The above advice is geared towards consumers that will cook meat. To the contrary the Spoiled Rawtten group and Sustainable Selections seems geared towards raw meat feeders. Carole Baskin, founder of Big Cat Rescue, told me her animal sanctuary would not feed expired meat to the big cats she cares for. “We don’t feed expired meat because we think the cats’ diet is the most important factor in good health, but most other places do. My attitude is why take a chance?”

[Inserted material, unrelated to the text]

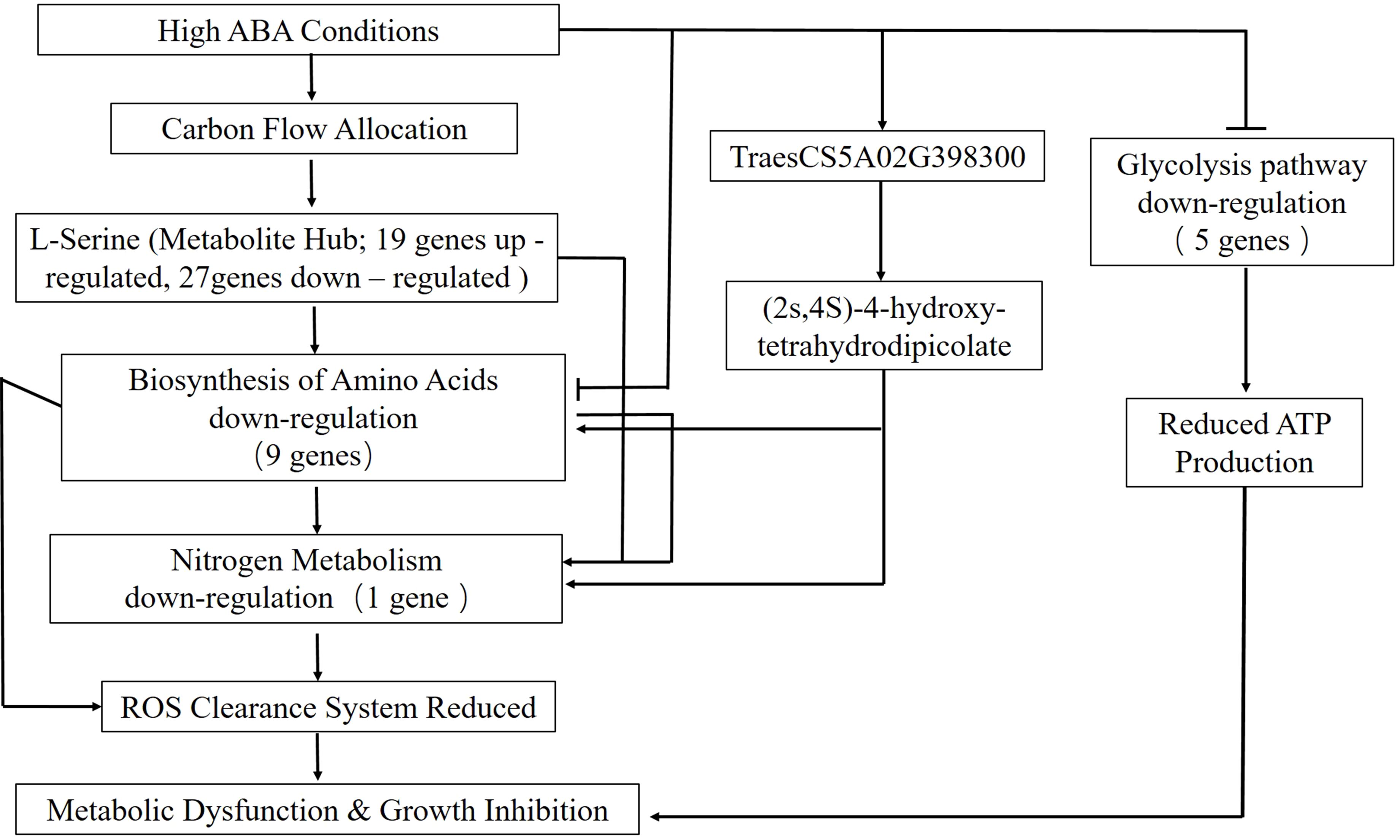 Flowchart depicting the effects of high ABA conditions. It starts with carbon flow allocation leading to L-serine regulation, affecting 46 genes. Down-regulation in amino acid biosynthesis impacts nine genes, leading to nitrogen metabolism reduction, affecting one gene. This reduces ROS clearance, causing metabolic dysfunction and growth inhibition. Concurrently, TraesCS5A02G398300 influences a compound, while glycolysis down-regulation affects five genes, reducing ATP production.

The website 4DayThrowAway.org (in partnership with University of Nebraska Lincoln and Iowa State University Extension) tells consumers in this humorous video to discard leftovers after four days…
BusinessWeek.com in an article titled ‘The Truth about Food Expiration Dates‘ says “Worse, some dates can actually be quite misleading. Few folks, for instance, know when they buy meat, that even if the sell-by date is five days away, the refrigerator at home usually isn’t cool enough to keep the meat fresh for more than two days. Usually raw meat is kept around 30 degrees Fahrenheit, while the home refrigerator’s temperature is set around 40 degrees to keep other things in the fridge (like vegetables) from freezing. So, food safety experts suggest that whether it’s ground meat, or a pound of steak, or chicken, consumers either eat or freeze it within two days of buying.” I commend Quest Recycling for their recycling expired foods into compost material and energy sources, but I don’t agree with recycling expired foods into any animal food. Many thanks to Mollie for sharing her tons of research!